Supplied material.
• • • • •

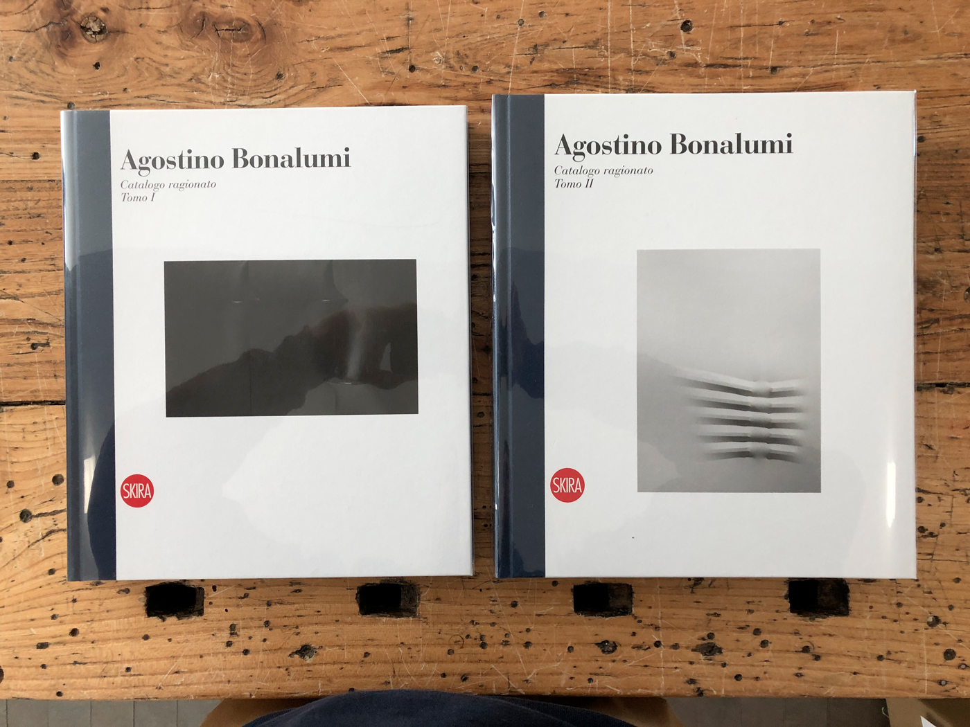 Lotto unico di 2 cataloghi ragionati delle opere di Agostino Bonalumi (Catalogo ragionato. Tomo primo e Catalogo ragionato. Tomo secondo), a cura di Fabrizio Bonalumi e Marco Meneguzzo
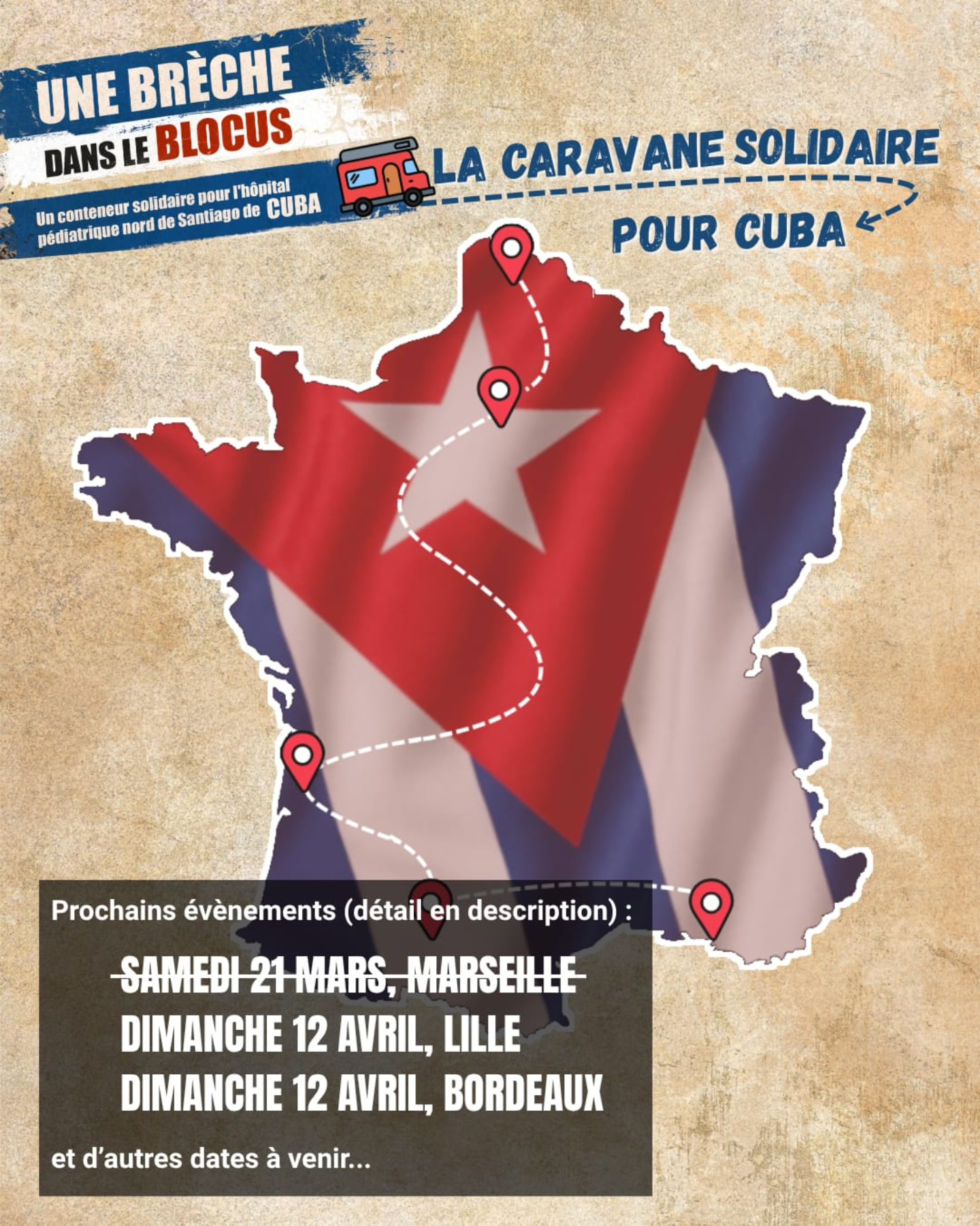 La caravane pour Cuba ce sont des évènements organisés partout en France, par notre association ou en partenariat avec d’autres organisations, autour de la campagne de solidarité avec Cuba ‘Une brèche dans le blocus’. Elle vise à collecter fonds et matériel médical afin d’acheminer un conteneur à l’hôpital pédiatrique Juan de la Cruz Martínez Maceira de Santiago de Cuba.
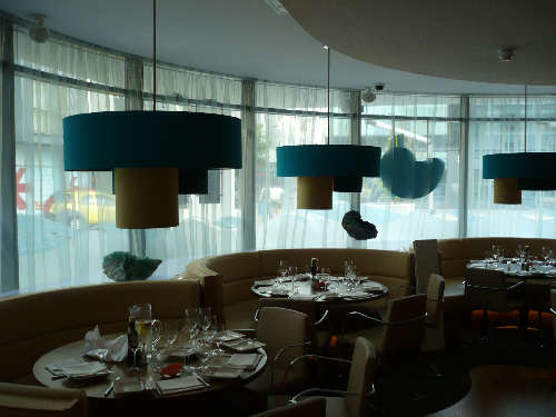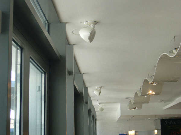 Kef Ci130 ceiling loudspeakers provide coverage for the central part of the restaurant

• • • • •

Exercise goal.
Stop at the line containing "La caravane pour" and include it. Everything from the first line of the material up to there is to be repeated exactly, leaving out pictures.

Task response.
 Lotto unico di 2 cataloghi ragionati delle opere di Agostino Bonalumi (Catalogo ragionato. Tomo primo e Catalogo ragionato. Tomo secondo), a cura di Fabrizio Bonalumi e Marco Meneguzzo
 La caravane pour Cuba ce sont des évènements organisés partout en France, par notre association ou en partenariat avec d’autres organisations, autour de la campagne de solidarité avec Cuba ‘Une brèche dans le blocus’. Elle vise à collecter fonds et matériel médical afin d’acheminer un conteneur à l’hôpital pédiatrique Juan de la Cruz Martínez Maceira de Santiago de Cuba.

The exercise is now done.